Изменить стиль страницы

Собранных мной сведений хватало на незаурядную прозу — но это была вовсе не «грязь». Кроме «неосторожного обращенья с оружием» в жизни Тамары Равал не было ни единого пятнышка. Тонкая папка с делом Тамары разрослась до непостижимых размеров лишь в моей голове; «Зеллерман Инк» получил десять скудных страниц.

8

Несмотря на то, что эти страницы не были «измазаны грязью», меня не покидала уверенность, что предлог для увольнения все равно будет найден, и поэтому, сдав своему начальству досье Тамары Равал, я продолжал заглядывать на разрисованный сомбреро и кактусами Сайт ее фирмы, чтоб убедиться: ее имя до сих пор числится там.
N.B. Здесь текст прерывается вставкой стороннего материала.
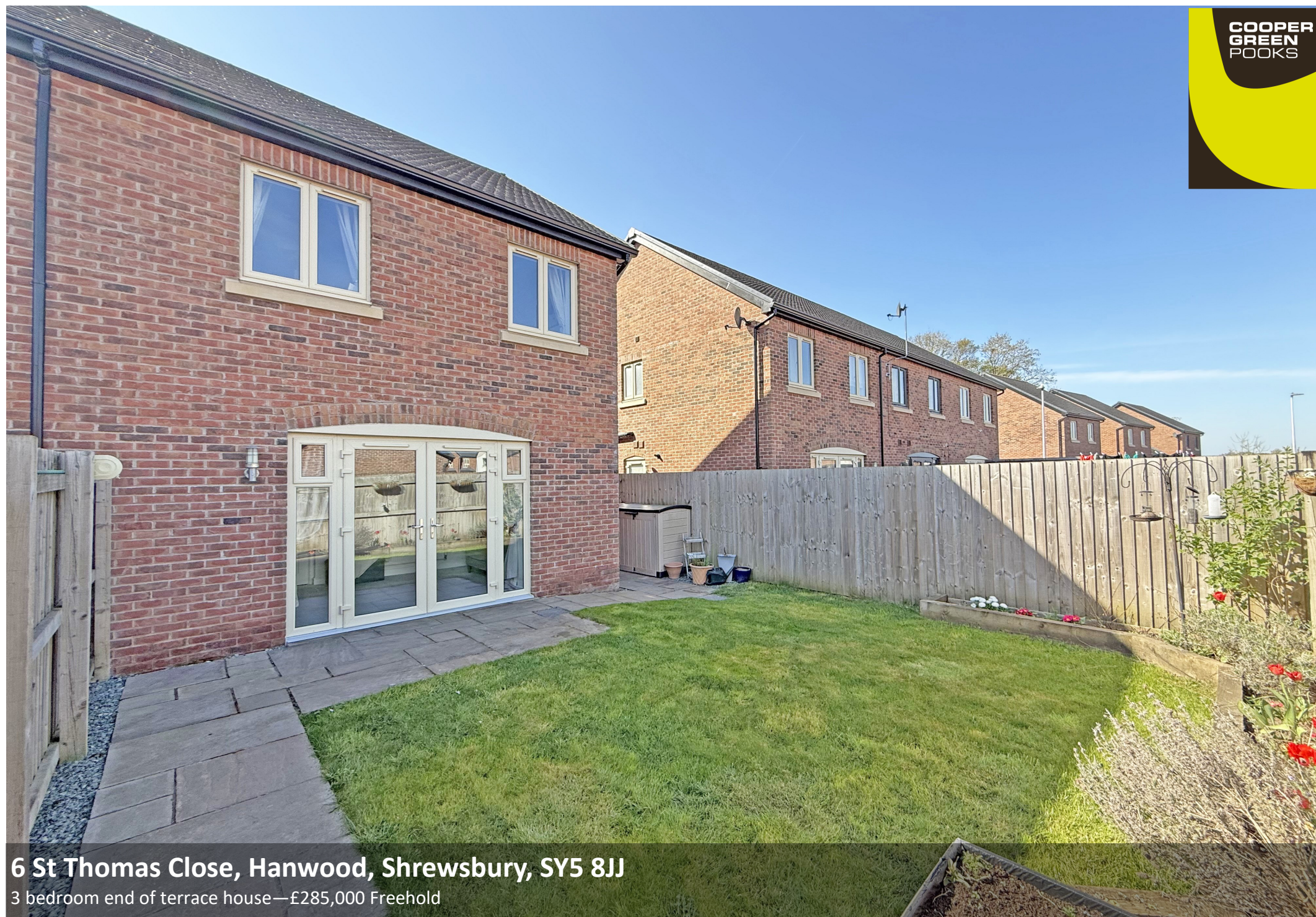
6 St Thomas Close, Hanwood, Shrewsbury, SY5 8JJ

3 bedroom end of terrace house—£285,000 Freehold

Через шесть месяцев имя исчезло.

Работника, взятого на Тамарино место, звали Дик Рутерфорд, но его типично калифорнийская, белозубая и белобрысая физиономия не вызвала у меня интереса.

Подробное ознакомление с «биологически подпорченной» биографией Тамары Равал оставило в душе отпечаток, и, узнавая о том, что она фотографировала птиц и колодцы, а также пыталась встречаться с мужчинами (Ник каждую неделю присылал ей цветы, но секса между ними еще не было, Грег настаивал лишь на сексе и Тамара боялась, что ему нужно лишь ее тело, а не богатый внутренний мир), я так плотно вошел в ее жизнь, что для плавного «выхода» мне нужна была эффектная точка, катарсис, мощный конец.

Роясь в сводах законов и стенографических записях из зданий суда, доказывая, что время не покрывает вранье и всегда остаются следы, которые, при помощи «Лексиса-Нексиса» или пожелтевших газет всегда можно найти, я перестал быть референтом и стал романистом.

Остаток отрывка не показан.